━━━━━ Supplied records ━━━━━

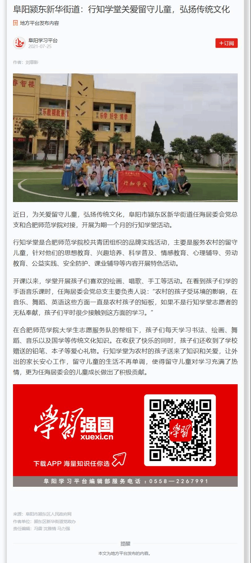 本网讯 7月12日,数学与统计学院新华行知学堂在阜阳市颍东区新华街道任海小学顺利开班。据悉,该学堂为期20天,该学堂的小先生团队由来自我校数学与统计学院和安徽医科大学共10名学生组成,课程内容包括党史学习教育、体育教育、行知文化、心理健康教育等课程。
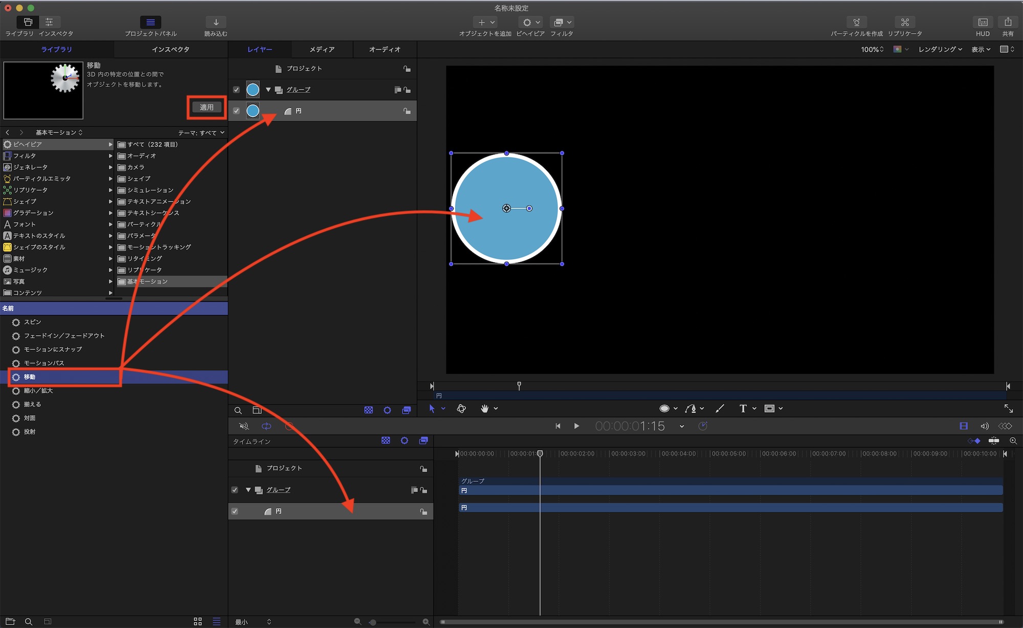 適用するビヘイビアを選択して「適用」をクリックするか、レイヤーやタイムライン、またはキャンバスにあるオブジェクトにドラッグ・アンド・ドロップするとビヘイビアが適用されます。
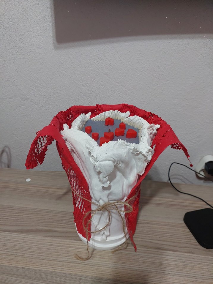 Beyaz at figürü detaylı vazo, kırmızı dantel ve gri detaylarla süslenmiş, doğal ip ile bağlanmıştır. Ürünün at kulak kısmında kırıklar var oyuzden makul fiyat içerisinde soya wax mum bulunmaktadır.
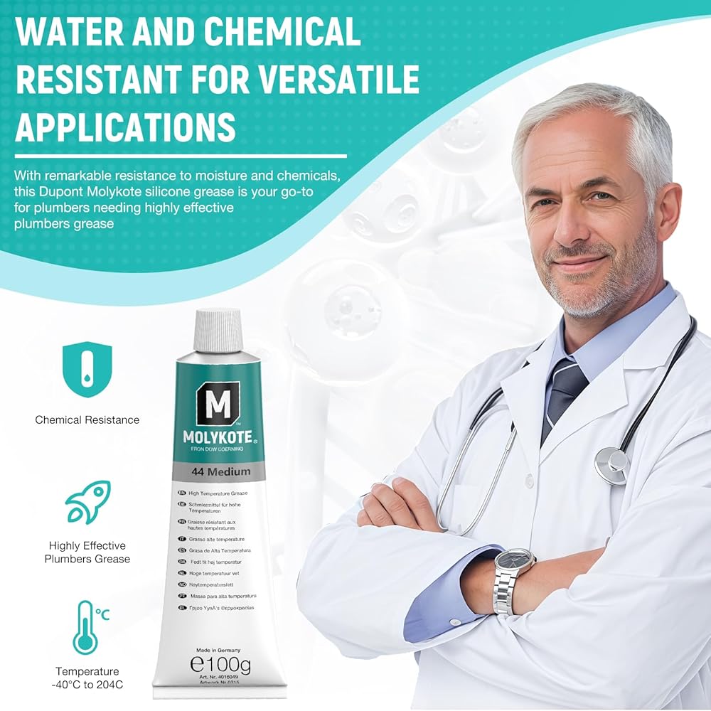 Molykote 44 متوسط 100 جرام شحم تشحيم 44 متر درجة حرارة عالية محامل تشحيم أختام وحلقات دائرية كابلات التحكم البلاستيكية تقلل من التآكل مقاومة الحرارة أوف وايت تقلل من التآكل
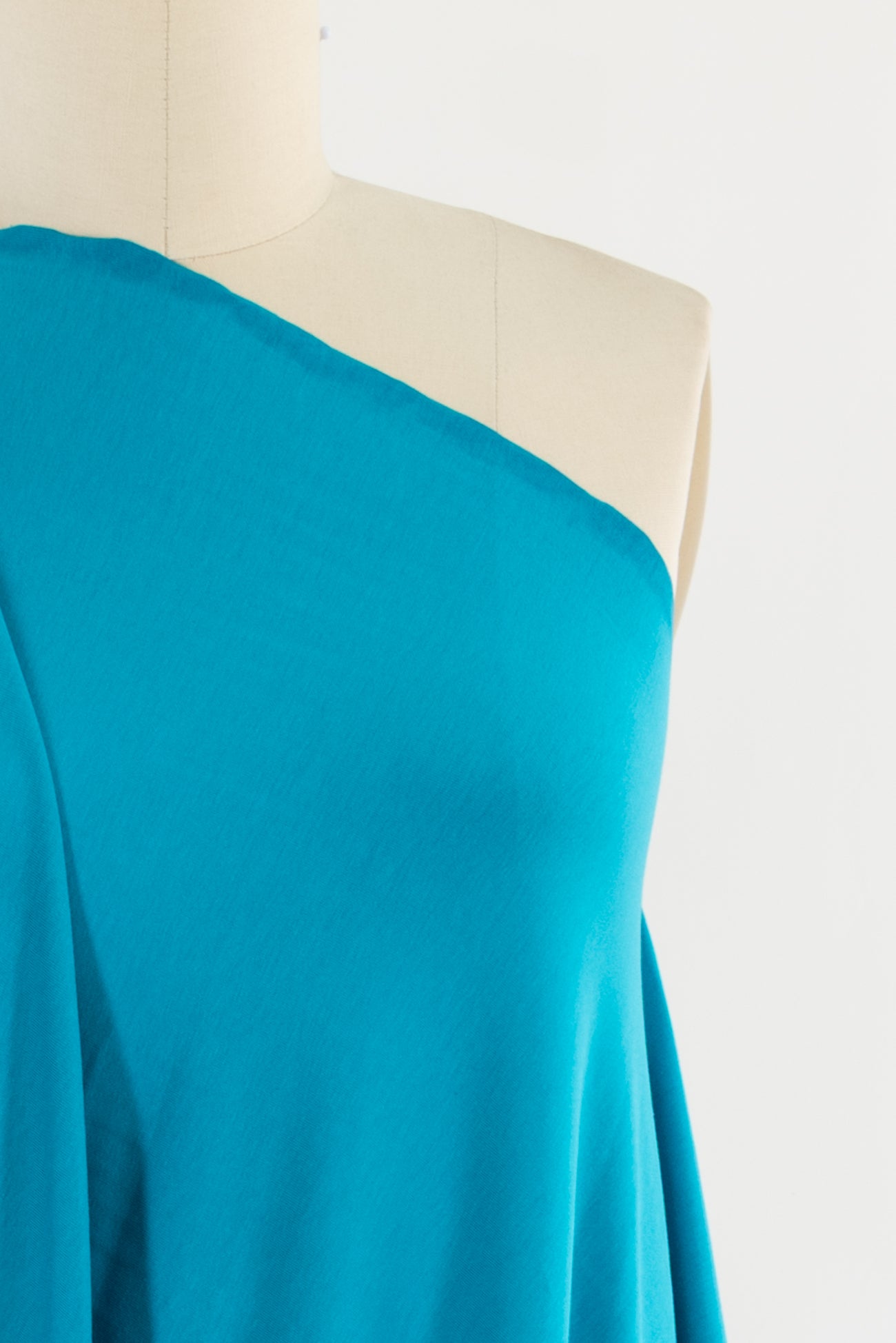 Clear turquoise in an impeccable European quality cotton/spandex jersey knit, produced in Denmark. Light/mid-weight, opaque, and will skim the body in a flattering way. It has a soft, smooth texture, fluid drape, 4-way stretch, and some rolling at the cut edge. Right for a variety of garments: t-shirt, tunic, dress, soft pants, leggings, cardigan, skirt, or lounge-wear, as well as children's and men's clothing. Oeko-Tex® certified.
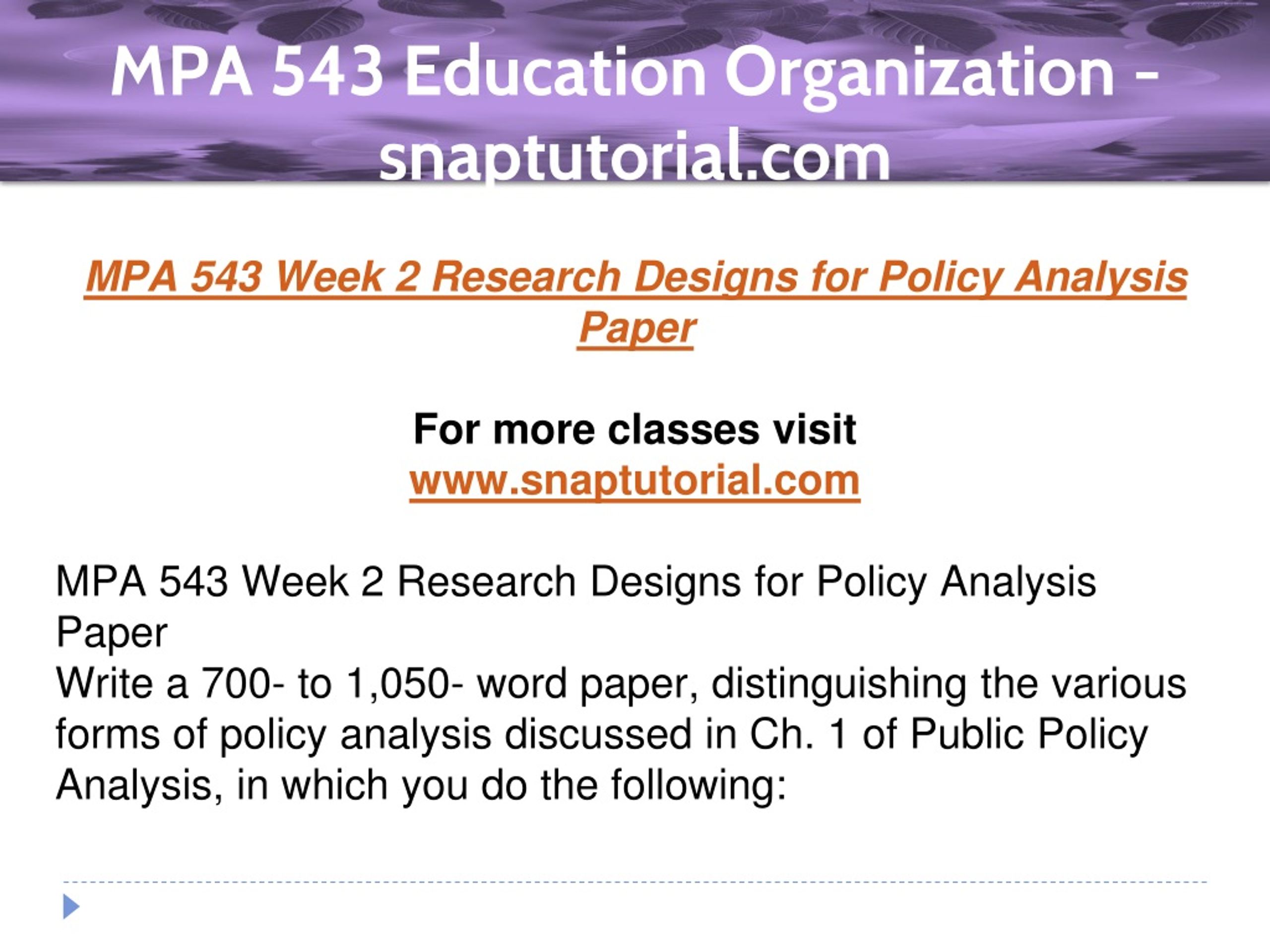 MPA 543 Education Organization - snaptutorial.com MPA 543 Week 2 Research Designs for Policy Analysis Paper For more classes visit www.snaptutorial.com MPA 543 Week 2 Research Designs for Policy Analysis Paper Write a 700- to 1,050- word paper, distinguishing the various forms of policy analysis discussed in Ch. 1 of Public Policy Analysis, in which you do the following:

━━━━━

Leaving out the pictures, restate each line of the listing above verbatim, from the opening line to the line bearing "適用するビヘイビアを選択して", inclusive, and no more.

### Response to this exercise
 本网讯 7月12日,数学与统计学院新华行知学堂在阜阳市颍东区新华街道任海小学顺利开班。据悉,该学堂为期20天,该学堂的小先生团队由来自我校数学与统计学院和安徽医科大学共10名学生组成,课程内容包括党史学习教育、体育教育、行知文化、心理健康教育等课程。
 適用するビヘイビアを選択して「適用」をクリックするか、レイヤーやタイムライン、またはキャンバスにあるオブジェクトにドラッグ・アンド・ドロップするとビヘイビアが適用されます。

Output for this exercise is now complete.